# Woke up to a couple surprises



## Rick (Oct 28, 2005)

Gotta love it! New nymphs and a new ooth. These have been taking exactly four weeks to hatch.


----------



## PseudoDave (Oct 28, 2005)

Quality pics Rick, great hatch


----------



## Jwonni (Oct 28, 2005)

Nice.... and a little daunting you gotta seperate em all now?


----------



## Samzo (Oct 28, 2005)

Nice rick, looks like we both got "lucky" today :lol:


----------



## yen_saw (Oct 28, 2005)

Holy Cow :shock: !! Congrate Rick

There are like +400 nymphs there!! Hope you have lot of fruit flies ready for them.
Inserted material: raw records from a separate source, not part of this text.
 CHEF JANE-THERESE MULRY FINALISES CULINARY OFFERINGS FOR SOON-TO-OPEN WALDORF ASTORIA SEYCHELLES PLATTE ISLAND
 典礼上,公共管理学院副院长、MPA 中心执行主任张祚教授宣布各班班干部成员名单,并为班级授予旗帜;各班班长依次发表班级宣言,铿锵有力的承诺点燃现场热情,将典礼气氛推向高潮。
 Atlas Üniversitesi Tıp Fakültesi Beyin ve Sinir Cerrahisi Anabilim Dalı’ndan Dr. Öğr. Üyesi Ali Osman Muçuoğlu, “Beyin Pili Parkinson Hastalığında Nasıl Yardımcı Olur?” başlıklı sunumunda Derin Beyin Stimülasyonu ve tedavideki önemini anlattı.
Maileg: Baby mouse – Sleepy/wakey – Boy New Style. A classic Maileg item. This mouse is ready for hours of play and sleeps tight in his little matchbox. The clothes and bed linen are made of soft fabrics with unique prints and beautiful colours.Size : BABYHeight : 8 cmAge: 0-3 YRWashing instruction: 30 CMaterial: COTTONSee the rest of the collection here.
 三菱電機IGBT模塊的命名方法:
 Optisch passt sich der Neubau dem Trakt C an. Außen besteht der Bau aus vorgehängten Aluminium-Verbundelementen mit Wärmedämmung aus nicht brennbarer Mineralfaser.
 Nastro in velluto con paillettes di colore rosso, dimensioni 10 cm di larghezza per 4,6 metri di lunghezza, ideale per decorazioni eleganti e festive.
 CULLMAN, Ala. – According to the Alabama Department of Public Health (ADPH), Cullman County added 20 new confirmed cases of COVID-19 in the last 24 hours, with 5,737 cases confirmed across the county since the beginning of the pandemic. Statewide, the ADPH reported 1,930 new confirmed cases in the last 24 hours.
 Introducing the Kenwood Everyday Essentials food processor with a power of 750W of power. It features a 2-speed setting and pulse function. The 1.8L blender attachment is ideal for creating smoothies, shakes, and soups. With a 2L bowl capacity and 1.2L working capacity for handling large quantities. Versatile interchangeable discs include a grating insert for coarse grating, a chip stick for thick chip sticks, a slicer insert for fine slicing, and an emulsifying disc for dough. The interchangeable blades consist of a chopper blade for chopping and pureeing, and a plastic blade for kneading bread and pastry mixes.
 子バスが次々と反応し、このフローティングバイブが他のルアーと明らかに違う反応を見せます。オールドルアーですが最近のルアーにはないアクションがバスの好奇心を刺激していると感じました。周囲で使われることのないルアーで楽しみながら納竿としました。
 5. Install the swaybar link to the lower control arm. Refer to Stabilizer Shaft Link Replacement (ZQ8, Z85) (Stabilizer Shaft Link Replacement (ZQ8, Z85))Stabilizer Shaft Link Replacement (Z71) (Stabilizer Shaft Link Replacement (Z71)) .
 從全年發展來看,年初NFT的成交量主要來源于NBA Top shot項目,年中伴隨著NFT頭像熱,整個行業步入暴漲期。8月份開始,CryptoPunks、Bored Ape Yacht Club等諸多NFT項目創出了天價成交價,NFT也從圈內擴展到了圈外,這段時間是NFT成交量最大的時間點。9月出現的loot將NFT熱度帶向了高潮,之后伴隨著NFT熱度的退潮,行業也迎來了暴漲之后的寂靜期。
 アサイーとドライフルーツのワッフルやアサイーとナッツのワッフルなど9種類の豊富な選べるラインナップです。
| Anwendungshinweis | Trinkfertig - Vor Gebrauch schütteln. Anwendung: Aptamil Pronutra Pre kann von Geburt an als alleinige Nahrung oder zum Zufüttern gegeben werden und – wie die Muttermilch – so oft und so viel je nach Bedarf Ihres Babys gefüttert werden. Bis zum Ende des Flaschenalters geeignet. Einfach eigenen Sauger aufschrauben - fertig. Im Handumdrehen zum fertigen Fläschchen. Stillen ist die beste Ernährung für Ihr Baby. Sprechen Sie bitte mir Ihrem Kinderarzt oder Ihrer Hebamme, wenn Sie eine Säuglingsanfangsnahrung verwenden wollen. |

All the best.


----------



## Ian (Oct 28, 2005)

omg! thats hatched loads!

Congrats  

Cheers,

Ian


----------



## Samzo (Oct 28, 2005)

Rick, did you glue that ivy to the side and pin the ooth on the ivy?


----------



## Ian (Oct 28, 2005)

also...what species is it?

Cheers,

Ian


----------



## Joe (Oct 28, 2005)

Nice rick!  i've never had a chinese ooth hatch that many chinese before!

Joe


----------



## Rick (Oct 28, 2005)

They are Africans Joe. S. Lineola to be exact. I won't be seperating them. They will live in a large net cage until they are about L3 or 4. The adult in the pic who laid an ooth last night is the mother of these too. This is probably my favorite speices right now. So easy to raise. Samzo: I just stuck a part of fake plant through a hold in the side of the container and exposed a bit of the wire and stuck it into the foam on the ooth. I always have tons of flies on hand so these guys will be fed well.


----------



## Lan (Oct 28, 2005)

that's beautiful! congrats on the hatch and new ooth!


----------



## Samzo (Oct 28, 2005)

Oh cool Rick, I have something that looks identical except its glass and I house my tree frogs in it.


----------



## Rick (Oct 28, 2005)

Here is where they are now:


----------



## Samzo (Oct 28, 2005)

Sweet, laundary basket?


----------



## Rick (Oct 28, 2005)

Yep. It collapes and is 25 inches long and pretty big around. Houses a lot of nymphs well.


----------



## Ian (Oct 28, 2005)

hey, what an invention! I would try the same...mum would kill me tho..

Cheers,

Ian


----------



## Samzo (Oct 28, 2005)

I don't have one :? I'll need to get one, they look ideal


----------



## Ian (Oct 28, 2005)

:idea: IKEA!


----------



## Samzo (Oct 28, 2005)

Damn was there yesterday!


----------



## Rick (Oct 28, 2005)

Got this one at Lowe's but they don't carry em anymore. Works great for large numbers of nymphs.


----------



## hortus (Oct 28, 2005)

what kind are those??


----------



## robo mantis (Oct 28, 2005)

african he said i think


----------